### PROBLEM STATEMENT
Select all lines holding the word "than" from the entries that follow.

### RECORDED DATA
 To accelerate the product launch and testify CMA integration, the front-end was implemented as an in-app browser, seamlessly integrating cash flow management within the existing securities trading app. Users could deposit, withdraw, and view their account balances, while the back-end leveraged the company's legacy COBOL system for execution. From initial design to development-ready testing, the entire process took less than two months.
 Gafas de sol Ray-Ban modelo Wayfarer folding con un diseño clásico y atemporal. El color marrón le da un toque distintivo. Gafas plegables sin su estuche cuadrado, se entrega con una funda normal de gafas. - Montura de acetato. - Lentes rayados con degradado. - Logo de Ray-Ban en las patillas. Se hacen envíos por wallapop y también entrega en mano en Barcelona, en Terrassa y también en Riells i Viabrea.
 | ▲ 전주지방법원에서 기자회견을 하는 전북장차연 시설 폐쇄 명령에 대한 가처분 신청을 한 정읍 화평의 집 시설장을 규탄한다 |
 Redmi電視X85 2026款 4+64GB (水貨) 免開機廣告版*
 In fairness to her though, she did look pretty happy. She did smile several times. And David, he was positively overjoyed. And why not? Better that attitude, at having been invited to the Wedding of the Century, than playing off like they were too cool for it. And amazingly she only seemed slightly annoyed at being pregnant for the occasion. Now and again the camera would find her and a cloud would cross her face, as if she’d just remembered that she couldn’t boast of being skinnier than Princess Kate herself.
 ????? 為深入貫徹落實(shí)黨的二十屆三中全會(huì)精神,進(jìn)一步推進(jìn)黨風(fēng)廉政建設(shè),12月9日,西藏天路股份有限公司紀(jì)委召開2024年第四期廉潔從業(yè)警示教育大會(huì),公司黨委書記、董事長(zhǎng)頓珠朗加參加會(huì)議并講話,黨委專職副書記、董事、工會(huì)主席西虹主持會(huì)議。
--
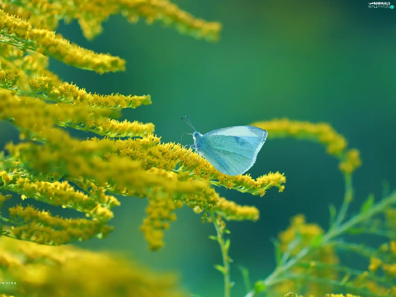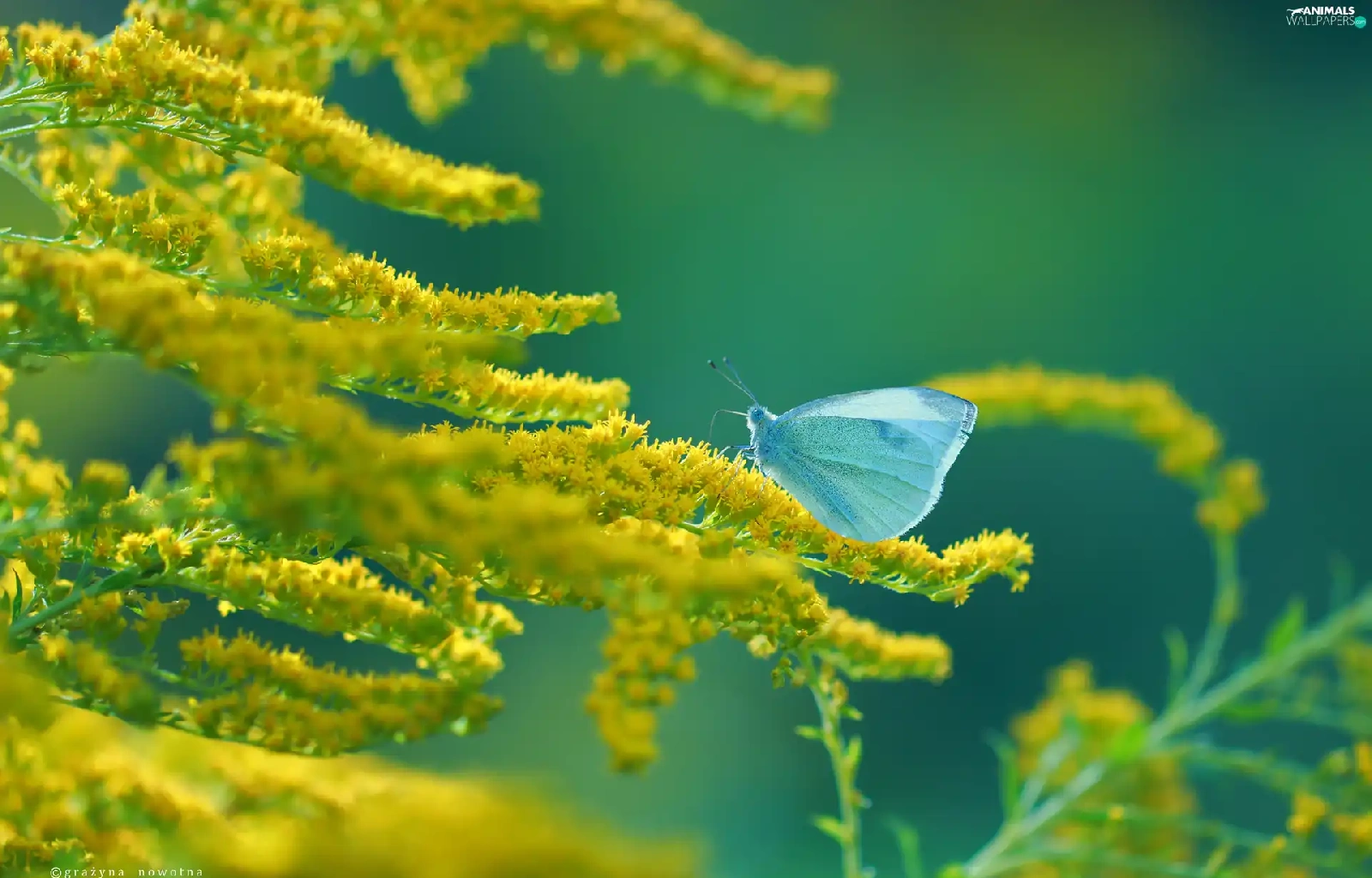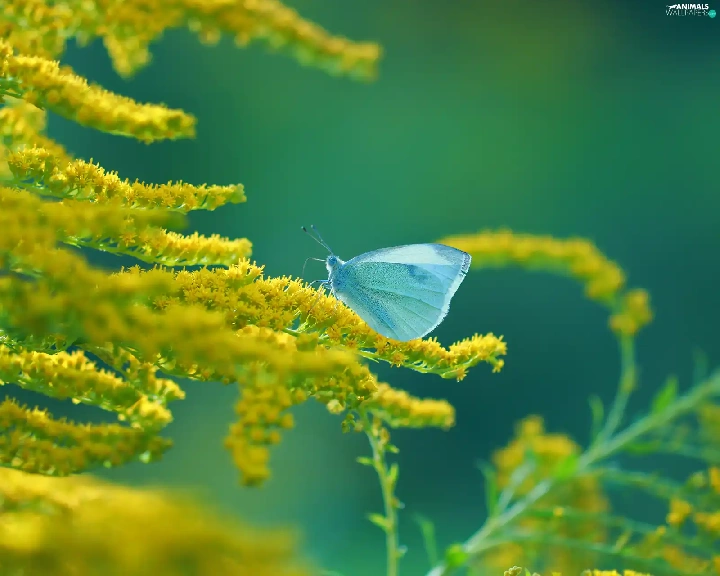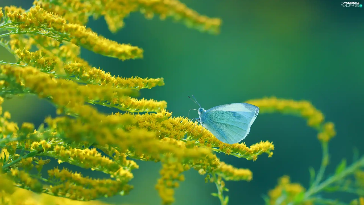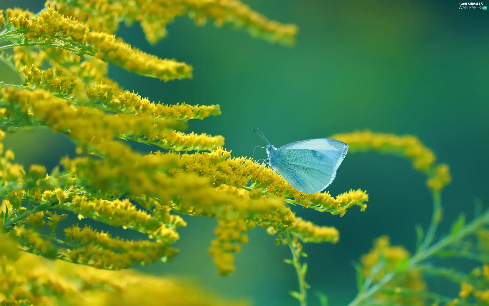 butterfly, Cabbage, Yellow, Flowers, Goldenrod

### FINISHED EXERCISE
 To accelerate the product launch and testify CMA integration, the front-end was implemented as an in-app browser, seamlessly integrating cash flow management within the existing securities trading app. Users could deposit, withdraw, and view their account balances, while the back-end leveraged the company's legacy COBOL system for execution. From initial design to development-ready testing, the entire process took less than two months.
 In fairness to her though, she did look pretty happy. She did smile several times. And David, he was positively overjoyed. And why not? Better that attitude, at having been invited to the Wedding of the Century, than playing off like they were too cool for it. And amazingly she only seemed slightly annoyed at being pregnant for the occasion. Now and again the camera would find her and a cloud would cross her face, as if she’d just remembered that she couldn’t boast of being skinnier than Princess Kate herself.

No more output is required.